Use comparison test to show that $\sum^{+\infty}_{k=1} \frac{1}{k(k+1)(k+2)}$ converges and find its limit
I tried expanding out the denominator, and then using the comparison test with $\frac{1}{k^3}$ but I think this is an incorrect use of the comparison test as I get divergence. I know that the limit is $\frac{1}{4}$ but I am not sure how to use the comparison test to then apply the limit.
$$\begin{align}\sum^\infty_{k=1} \frac{1}{k(k+1)(k+2)} & <\sum^\infty_{k=1} \frac{1}{k(k+0)(k+0)}\\ & =\sum^\infty_{k=1} \frac{1}{k^3}\end{align}$$
It converges.
$$\sum^\infty_{k=1} \frac{1}{k(k+1)(k+2)}=\sum^\infty_{k=1}\left(\frac{1/2}{k(k+1)}-\frac{1/2}{(k+1)(k+2)}\right)$$
$$=\frac14$$
Observe that
$$\frac{1}{k(k+1)(k+2)}<\frac1{k^3}$$
Then
$$\sum_{k\ge 1} \frac{1}{k(k+1)(k+2)}<\sum_{k\ge 1}\frac1{k^3}$$
I dont know an easy way to calculate it limit.
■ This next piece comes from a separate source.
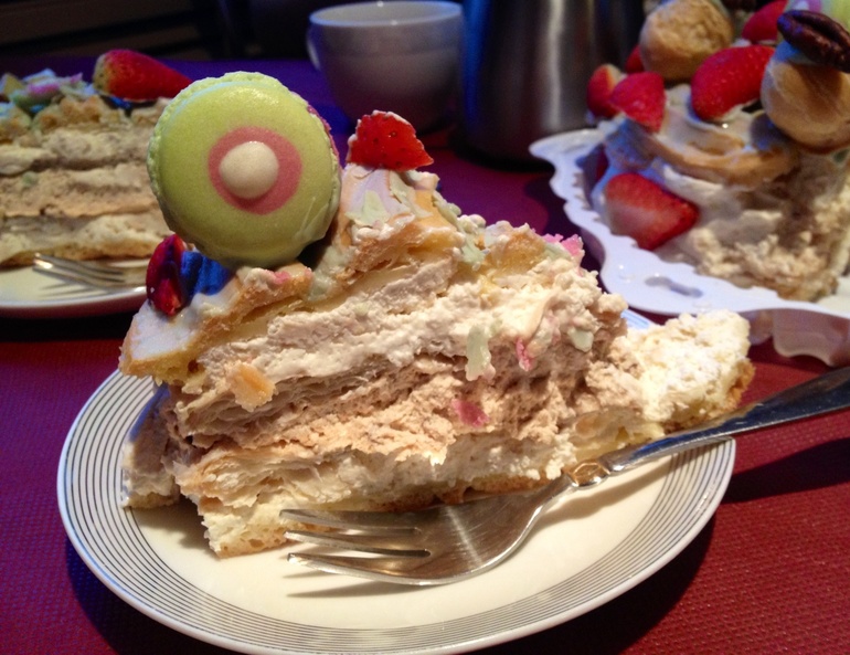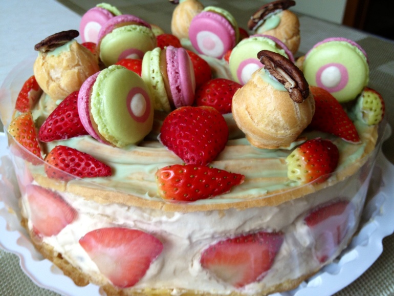 Такой французский торт. Заварное и слоеное тесто. Крем сливки-сыр, ликер, кофе, орешки "Пекан". Украшен макарон, клубникой и миниатюрными профитрольками.

But if you know something about finite calculus we can rewrite your summation as
$$\sum_{k\ge 1} \frac{1}{k(k+1)(k+2)}=\sum_{k\ge 0}k^{\underline {-3}}=\frac{k^{\underline {-2}}}{-2}\Bigg|^{\infty}_{0}=\frac{1}{4}$$
Given that the rising and falling factorials are defined as $$ \begin{array}{l} n^{\,\overline {\,m\,} } = n\left( {n + 1} \right)\, \cdots \;\left( {n + m - 1} \right) \\ n^{\,\underline {\,m\,} } = n\left( {n - 1} \right)\, \cdots \;\left( {n - \left( {m + 1} \right)} \right) \\ n^{\,\underline {\, - \,m\,} } = \frac{1}{{\left( {n + m} \right)^{\,\underline {\,m\,} } }} = \frac{1}{{\left( {n + 1} \right)^{\,\overline {\,m\,} } }} \\ \end{array} $$ where here we consider $n$ and $m$ integers, and that it is not difficult to demonstrate that $$ \begin{gathered} \Delta _{\,n} \,n^{\,\underline {\,m\,} } = \left( {n + 1} \right)^{\,\underline {\,m\,} } - n^{\,\underline {\,m\,} } = m\,n^{\,\underline {\,m - 1\,} } \hfill \\ \sum\limits_{k = a}^{b - 1} {k^{\,\underline {\,m\,} } } \quad \left| {\;a < b} \right.\quad = \frac{1} {{m + 1}}\left( {b^{\,\underline {\,m + 1\,} } - a^{\,\underline {\,m + 1\,} } } \right) \hfill \\ \end{gathered} $$ Then $$ \begin{gathered} \sum\limits_{k = 1}^\infty {\frac{1} {{k\left( {k + 1} \right)\left( {k + 2} \right)}}} = \sum\limits_{k = 0}^\infty {\frac{1} {{\left( {k + 1} \right)\left( {k + 2} \right)\left( {k + 3} \right)}}} = \sum\limits_{k = 0}^\infty {k^{\,\underline {\, - 3\,} } } = \mathop {\lim }\limits_{n\; \to \;\infty } \sum\limits_{k = 0}^{n - 1} {k^{\,\underline {\, - 3\,} } } = \mathop {\lim }\limits_{n\; \to \;\infty } \left( { - \frac{1} {2}\left( {n^{\,\underline {\, - 2\,} } - 0^{\,\underline {\, - 2\,} } } \right)} \right) = \hfill \\ = \mathop {\lim }\limits_{n\; \to \;\infty } \left( { - \frac{1} {2}\left( {\frac{1} {{\left( {n + 1} \right)\left( {n + 2} \right)}} - \frac{1} {{1 \cdot 2}}} \right)} \right) = \frac{1} {4} \hfill \\ \end{gathered} $$
Yes you compare with $\frac{1}{k^3}$, as follows, $$\frac{k^3}{k(k+1)(k+2)}\rightarrow 1$$ so the series converges, because $\sum \frac{1}{k^3}$ converges.